Pasted Graphic

Editorial: Stopping the next outage

The MetroWest Daily News
Posted
Nov 06, 2011
    
Power outages are nothing new, but nobody we know can remember outages as widespread and long-lasting as those that hit Massachusetts twice in the last two months. Six days after last weekend's snowstorm there were still more than 80,000 Massachusetts homes without power.

A consensus is forming that this is no coincidence.

Nor is it a coincidence that, as when Tropical Storm Irene struck in August, residents have seen fewer outages and power more quickly restored in communities served by municipal power companies - like Hudson, Wellesley, Groton and Concord - than in towns served by investor-owned behemoths NStar and National Grid.
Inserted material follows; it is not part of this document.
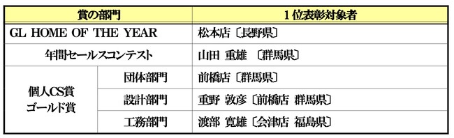 新築部門の最高賞である「GLHOME OF THE YEAR」グランプリには、GLホーム松本店が受賞しました。また、22年度は個人セールス賞、個人CS賞、団体CS賞、デザインコンテストなどを受賞した前橋店の活躍が目立ちました。なお、2022年度の各種コンテストの受賞者・受賞店は次頁の通りです。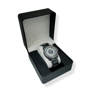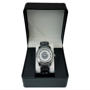 Montana Silversmiths Montana Time watch features a high gloss ceramic band in black, a black & silver face accented with clear crystals outside each number, and a bezel of square cut black crystals around the frame. New techniques in producing ceramics result in an extremely hard-wearing material. Ceramic watches are durable, lightweight, and comfortable to wear. Links may be removed to adjust size. Push button butterfly clasp. 40 mm case. 31 mm face. 30 meter water resistant. Ceramic 6.5" band

This situation was predictable, and we don't just mean it was predictable that hurricanes and snowstorms will knock branches off of trees. Back when electric deregulation was the subject of a referendum battle, workers for the utilities predicted that, when electricity producers were separated from those that owned the transmission lines, companies in the low-margin wire business would cut back on routine, year-round trimming of trees near power lines. Give the trees a few years to grow, they said, and storms would bring down limbs and electric lines all over the state.

Deregulation passed, and a retired power company lineman in Natick told a Daily News reporter this week what happened: "They don't have the manpower that they once had," said Pat Young. In the 35 years he worked for NStar, Young watched the number of guys in the locker room dwindle from 60 to about 30.

This also reminds us that the interests of the shareholders in a privately-owned company do not always coincide with the interests of the customers. In a monopoly situation - which the "wire companies" have - this can be a real problem.

In the interests of their shareholders, executives make decisions based on cold cost/benefit calculations. Utilities' number-crunchers, for instance, may decide that they save more by cutting back on routine line maintenance year in and year out, than it costs them to repair the damage to their lines from an occasional emergency.

There are several ways to address this. The state Legislature has a bill on its plate that would make it easier for municipalities to purchase lines from the utilities and establish their own power companies, which is all but impossible under current law. It would be expensive, but some frustrated local officials are ready to give it a serious look.

Another bill, put forward by state Rep. Dan Winslow, R-Norfolk, would change the cost/benefit equation utility managers face. Winslow's bill would require that, for every power outage lasting more than eight hours, utilities would have to refund to customers two days of their average utility bill for every day without power. We don't know whether that would be enough to get giant utilities to reinvest in line maintenance, but it's a good approach.

Winslow is also preparing a model bylaw that, if enacted by Town Meeting, would require utilities to trim branches close to wires on the local right-of-way.

All ideas are worth pursuing. It's better to prevent power outages than scramble to repair them while people are freezing in the dark.